Circadian misalignment, defined as a disruption or misalignment between an individual’s internal circadian clock and the external cues such as light-dark and feeding-fasting cycles, is an unavoidable consequence of night shift work. However, recent research has recommended lifestyle interventions as a means of combating these effects. Night shift workers often disrupt their feeding-fasting patterns which has been shown to disrupt glucose metabolism ( Spiegel et al., 1999). Night shift work has also been significantly associated with metabolic syndrome ( Wang et al., 2014), which increases the risk for developing various types of cancer ( Esposito et al., 2012). Therefore, increasing metabolic health through lifestyle intervention may combat the increased risk of cancer. One such intervention is time-restricted eating (TRE), which involves limiting the eating window to 6–12 hours per day ( Manoogian et al., 2022). In a study with prediabetic men, limiting the feeding window to six hours for five weeks improved insulin sensitivity, blood pressure, oxidative stress, and appetite ( Sutton et al., 2018).

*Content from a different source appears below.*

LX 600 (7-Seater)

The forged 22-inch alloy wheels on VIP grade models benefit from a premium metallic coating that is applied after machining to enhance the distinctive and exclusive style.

A recent study found that a 10-hour feeding window in 24-hour shift workers is a feasible intervention to reduce weight, improve cardiometabolic health, sleep quality, and mood ( Manoogian et al., 2022).

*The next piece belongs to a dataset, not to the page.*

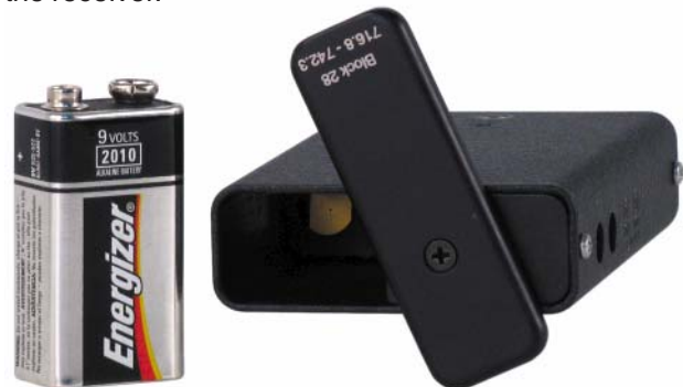
An attached rotating door makes battery installation easy.

It has been well established that night shift is associated with circadian misalignment, however, the general population is increasingly at risk of circadian misalignment through inconsistent eating patterns and artificial light-at-night exposure. Therefore, it may be beneficial to update cancer screening measures ( Patel et al., 2022; Wolf et al., 2018). As the percentage of early-onset cancer increases, the screening age should decrease accordingly for early detection and prevention measures. Promoting robust circadian rhythms through consistent sleep, feeding, regulation of night shift work, and lifestyle interventions such as TRE may help improve parameters that impinge on human health and could offset the impacts of circadian misalignment on specific cancer types.

Cancer chronotherapy refers to the timing of an anticancer drug to increase efficacy and decrease toxicity. This approach is based on the rationale that the drug will be better tolerated at certain times of day based on the mechanism of action of the drug. A recent comprehensive review of chronomodulated chemotherapy has recently been reported ( Printezi et al., 2022). In this systematic review, 11 of 18 studies found that chronomodulated chemotherapy significantly decreased toxicity while maintaining efficacy. More specifically, chronomodulated chemotherapy reduced side effects including nausea, vomiting, mucositis and leukopenia for nasopharyngeal carcinoma ( Gou et al., 2018; Zhang et al., 2018), breast ( Coudert et al., 2008), colorectal ( Lévi et al., 1994, 1997) and endometrial cancer ( Gallion et al., 2003). Reducing side effects is a critical aspect of patient care as it improves quality of life and often allows for higher or more frequent doses. Although chronomodulated chemotherapy does appear to reduce side effects, it remains elusive whether chronotherapy improves drug efficacy or prognosis. For example, only three studies report higher response rate and longer survival in chronotherapy treated groups ( Gou et al., 2018; Lévi et al., 1994, 1997). However, two of the three of these studies report higher dose intensity in the chronotherapy treated group because of the reduced side effects. Therefore, it is unclear whether improved response is due to increased dose or a direct result of chronotherapy. A meta-analysis on factors impacting drug timing effects found that study size and whether or not the study was publicly registered as a clinical trial affected the reported efficacy of chronomedicine ( Ruben et al., 2021), suggesting that further studies are needed. In summary, optimal timing of anticancer drugs appears to reduce toxicity but more mechanistic studies are needed to determine the clinical relevance of anticancer chronotherapeutic approaches on drug efficacy.